Haben da etwa Rotarier ihrem Club einen mit 10 000 Euro dotierten Preis zugeschoben? Und haben Juroren zugunsten eines Projekts entschieden, von dem ihre Arbeitgeber profitieren? Anna Meincke, Geschäftsführerin der Metropolregion, hält diese Vorwürfe für abwegig. Die Rotary-Mitgliedschaft von vier Juroren habe „ziemlich sicher keinerlei Auswirkungen“ auf die Entscheidung gehabt. Die doppelt involvierte Luckey habe an den Jurysitzungen gar nicht teilgenommen – aus terminlichen Gründen.

Auch Jurymitglied Jörg Bensberg, Erster Vorsitzender der Metropolregion, wiegelt ab. „Wir sind alle in der Lage, differenziert zu denken.“ Mit Blick auf die rotarischen Juroren sagt er: „Das sind alles Profis.“

Nach Angaben von Meincke fielen alle Entscheidungen der Jury einstimmig.
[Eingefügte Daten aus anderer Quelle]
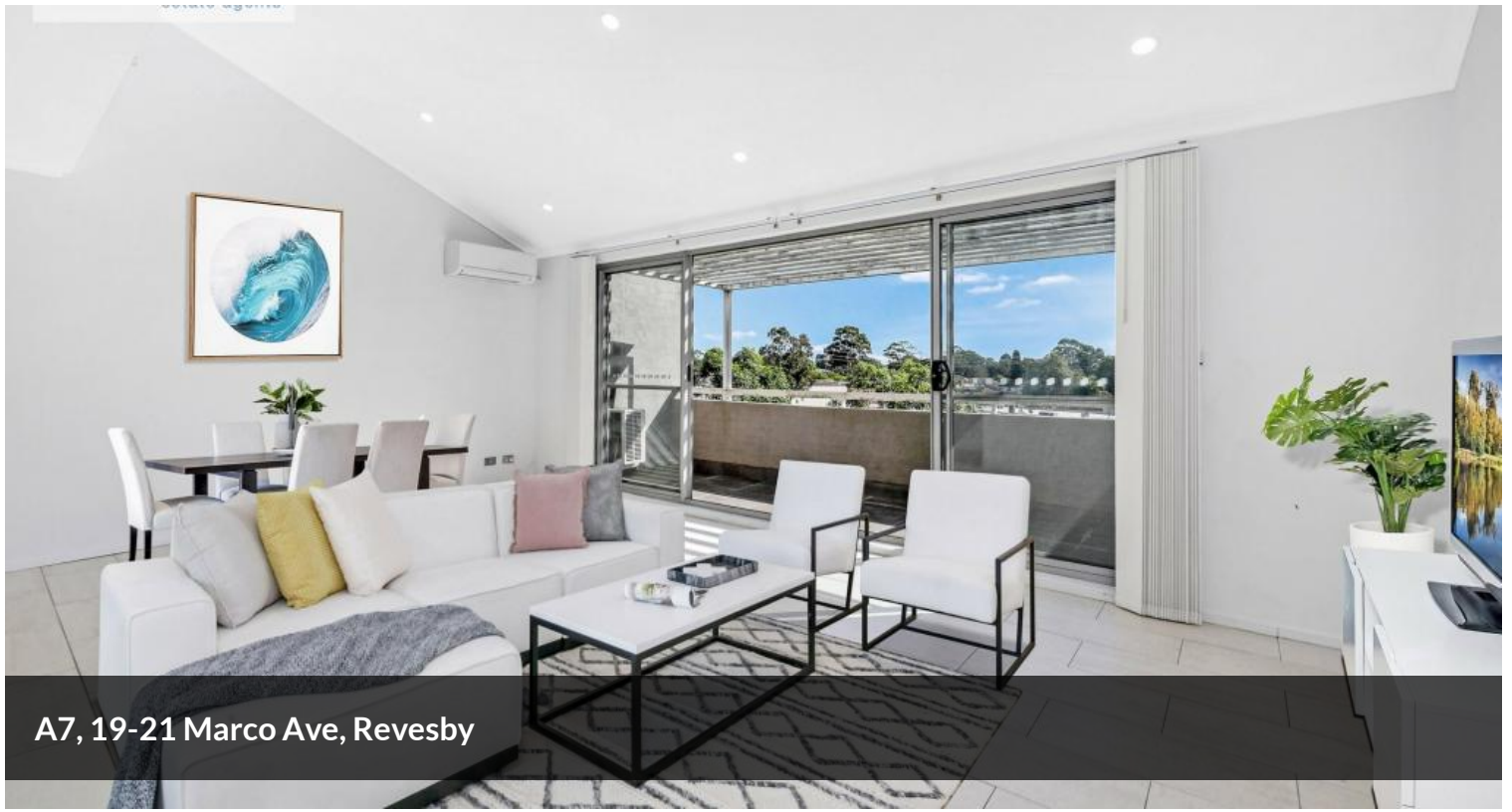
A7, 19-21 Marco Ave, Revesby
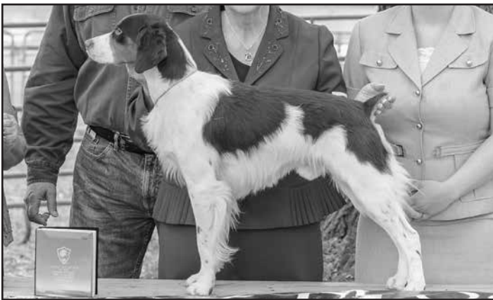
Dual Award Winner HORIZON'S CAUSIN' A COMMOTION JH
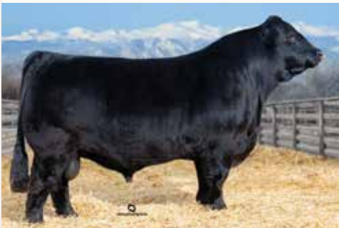
ELCX KINGS LANDING 599 D ET
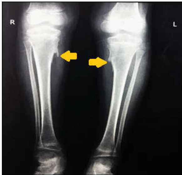
Figures-9: The radiograph of tibia & fibula showing bilateral medial tibial osteochondromas.

The radiograph of both tibia and fibula revealed medial tibial osteochondromas bilaterally. (Figure 9) Based on the history, examination and investigation a diagnosis of fibro dysplasia ossificans progressive was made.
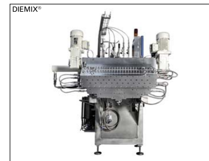
DIEMIX® A Diemix® enables the production of licorice and/or sugar paste with up to 6 different colors simultaneously while using only one extruder.
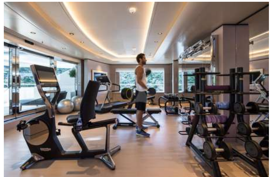
Gym Bridge Deck
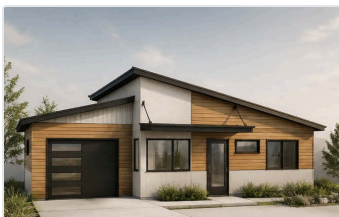
① FRONT LEFT

Two 3D perspective views and two architectural elevation drawings

Theoretisch hätte auch eine einfache Mehrheit genügt.

Dass Rotary-Mitglieder befangen sein könnten, wenn sie einem Projekt ihrer Organisation einen gut dotierten Förderpreis zusprechen, hat sich bei der Metropolregion offenbar niemand klar gemacht. Die Verbindungen waren offenbar nicht bekannt. Meincke wusste jedenfalls nicht, dass die Jury derart stark mit Rotariernbesetzt ist.

Doch die Geschäftsführerin erkennt auch kein Geschmäckle, als sie mit dem Fall konfrontiert wird. „Das Problem werden sie immer haben.“ Bei einer derart hochkarätig besetzten Jury werde es immer einzelne Mitglieder geben, die mit dem ein oder anderen Projekt verbunden seien. Dem Vorwurf, dass dann die Jury zwar prominent aber nicht mehr unabhängig ist, widerspricht sie nicht.